BEGIN COLLECTED MATERIAL
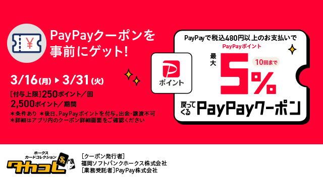 カードコレクションサービス「タカコレ」のブラウザ版で、ゲーム内通貨であるバルーンの購入時に「PayPayクーポン」をご使用いただけます!今回は全新カードの登場を記念して最大で5%のPayPayポイントが戻ってくるおトクなPayPayクーポンが登場!おトクなクーポンを使って、たくさんのバルーンをゲットしよう!
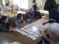 こんにちはデイサービスです。本日のレクレーションはカードゲームということでトランプの7並べと都道府県ゲームを行いました(^^♪ 7並べは久しぶりだった為、「ルール忘れちゃったなー」と仰る方も多かったのですが、職員がルール説明するとすぐに納得され楽しそうに参加されていました♪ 都道府県ゲームは漢字一文字が書かれているカードを選んでいただき都道府県名を言っていただくゲームです♪ こちらも大変盛り上がり「馬」「群」のカードを選ばれた方は大きな声で「群馬県!」と嬉しそうに答えておりました(^^♪ ワイワイとにぎやかな一時間となりました\(^_^)/
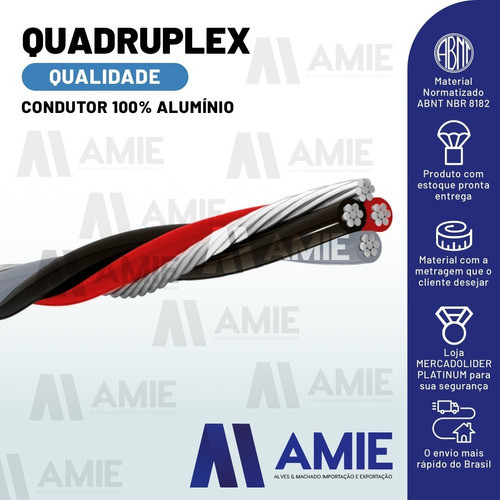 Cabo De Alumínio; Quadruplex 10mm - Rolo Com 50 Metros
END COLLECTED MATERIAL
EXERCISE INSTRUCTIONS: Restate the material above word for word, omitting the pictures.

TASK ANSWER:
 カードコレクションサービス「タカコレ」のブラウザ版で、ゲーム内通貨であるバルーンの購入時に「PayPayクーポン」をご使用いただけます!今回は全新カードの登場を記念して最大で5%のPayPayポイントが戻ってくるおトクなPayPayクーポンが登場!おトクなクーポンを使って、たくさんのバルーンをゲットしよう!
 こんにちはデイサービスです。本日のレクレーションはカードゲームということでトランプの7並べと都道府県ゲームを行いました(^^♪ 7並べは久しぶりだった為、「ルール忘れちゃったなー」と仰る方も多かったのですが、職員がルール説明するとすぐに納得され楽しそうに参加されていました♪ 都道府県ゲームは漢字一文字が書かれているカードを選んでいただき都道府県名を言っていただくゲームです♪ こちらも大変盛り上がり「馬」「群」のカードを選ばれた方は大きな声で「群馬県!」と嬉しそうに答えておりました(^^♪ ワイワイとにぎやかな一時間となりました\(^_^)/
 Cabo De Alumínio; Quadruplex 10mm - Rolo Com 50 Metros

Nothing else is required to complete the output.